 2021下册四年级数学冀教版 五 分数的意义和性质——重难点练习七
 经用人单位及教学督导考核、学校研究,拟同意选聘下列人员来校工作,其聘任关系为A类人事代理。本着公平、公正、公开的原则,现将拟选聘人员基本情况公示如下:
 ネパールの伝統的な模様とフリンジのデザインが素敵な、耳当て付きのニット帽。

========

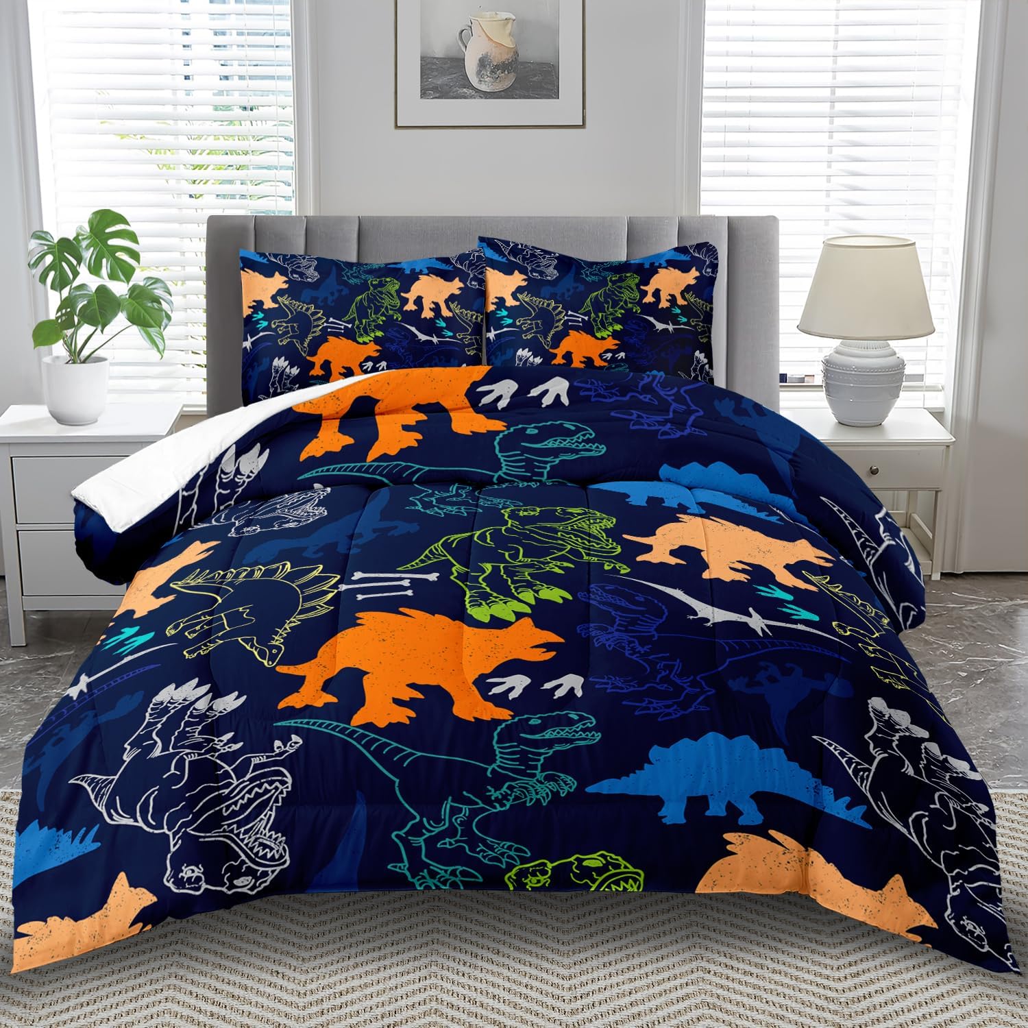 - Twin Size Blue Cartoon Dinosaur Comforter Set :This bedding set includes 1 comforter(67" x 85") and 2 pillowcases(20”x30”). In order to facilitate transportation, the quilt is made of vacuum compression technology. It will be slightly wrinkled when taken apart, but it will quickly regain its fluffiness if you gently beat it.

========

From the listing above, the lines starting with the one that has "经用人单位及教学督导考核、学" and running through the one that has "ネパールの伝統的な模様とフリンジのデザインが素敵な、耳当て付きのニット帽。" should be copied exactly, ends included.

 经用人单位及教学督导考核、学校研究,拟同意选聘下列人员来校工作,其聘任关系为A类人事代理。本着公平、公正、公开的原则,现将拟选聘人员基本情况公示如下:
 ネパールの伝統的な模様とフリンジのデザインが素敵な、耳当て付きのニット帽。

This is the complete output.